Po wykonanej ekspertyzie wody nadleśnictwo ustawiło specjalne tabliczki z informacją o niezgodności składu chemicznego źródła z Rozporządzeniem Ministra Zdrowia. Treść tablic i tak nie odstrasza turystów, którzy są przekonani o wspaniałych właściwościach wody.
Niektóre osoby przemierzają kilkadziesiąt kilometrów tylko po to, by napić się "cudownej wody".
Polecany artykuł:
- Przyjeżdżam aż z Kielc, mam dużo schorzeń, woda mi pomaga na osteoporozę i na jelita - przekonuje pani Teresa, emerytka z Kielc. - Dzięki tej wodzie mam lepsze trawienie - potwierdza pani Agnieszka.
Jak się jednak okazuje, nie wszyscy pielgrzymi są przekonani o wyjątkowych właściwościach źródlanej wody.
- Przyjechałem tutaj, bo żona mnie zmusiła - mówi pan Józef. - Ta "cudowna woda" to jak dla mnie zabobon - dodaje.
Popularnością źródła jest zaskoczone nawet Nadleśnictwo Stąporków.
- Nie wiem, kto nazwał to źródełko cudownym, ale wiem, że cieszy się ono dużym powodzeniem. Ludzie przyjeżdżają, biorą wodę, więc w ostatnim czasie nadleśnictwo wykonało badania wody - informuje Tomasz Kuszewski, Inżynier Nadzoru stąporkowskiego nadleśnictwa. - W tej chwili przy źródełku pojawiła się tabliczka z podanym składem wody oraz informacją, że nie spełnia ona rozporządzenia ministerstwa - dodaje leśnik.
Wątpliwością w sprawie wody jest przede wszystkim podwyższone stężenie manganu. Dopuszczalna norma to 50 mikrogramów na litr, a w niekłańskiej wodzie jest 246 mikrogramów tego pierwiastka na litr.

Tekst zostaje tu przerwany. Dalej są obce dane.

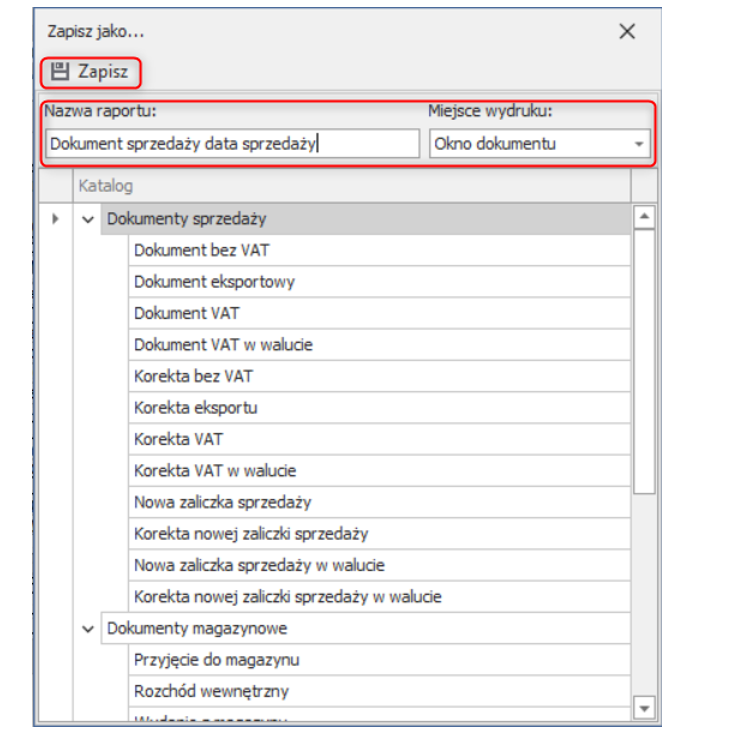 W poniższym oknie wprowadź nazwę raportu, wybierz miejsce wydruku i zapisz szablon.
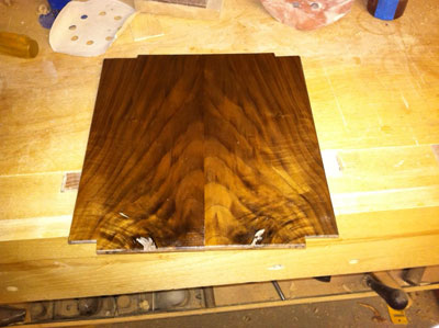 It only took six lines to begin the path to a solution of integrating walnut panels into the design. I quickly saw the "crotch" portion of the board could be bookmatched and would form a central panel running vertically. Then to either side would be walnut panels with their grain running a bit at an angle. To avoid too much uniformity, I played around with the outer edges of the left and right panels being either curved or at least angled away from the vertical.
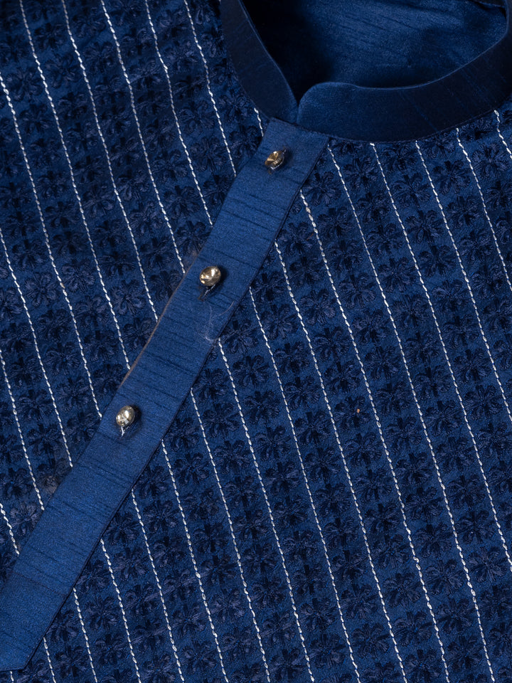 Unleash your regal charm with the Angasudha Midnight Majesty Kurta Pyjama Set, a bold and elegant choice for the modern man. The deep navy blue kurta is crafted from luxurious blended silk, adorned with intricate geometric thread embroidery in a contrasting white tone. The angular linear patterns bring an architectural finesse to this classic silhouette, while the band collar and buttoned placket add a timeless appeal.

Tomasz Kuszewski podkreśla jednak, że nie oznacza to, iż woda nie nadaje się do picia.
- Poziom manganu jest przekroczony dość znacznie, ale woda jest dobra, smaczna. Wody lecznicze w uzdrowiskach też mają różne składy i nadają się na różne schorzenia - wyjaśnia. - Ludzie korzystają nie tylko z tego źródła, ale też z innych i wszystko jest dobrze. To nie jest tak, że woda jest trująca czy niezdatna do picia, tylko po prostu nie pokrywa się z rozporządzeniem ministra - puentuje Tomasz Kuszewski.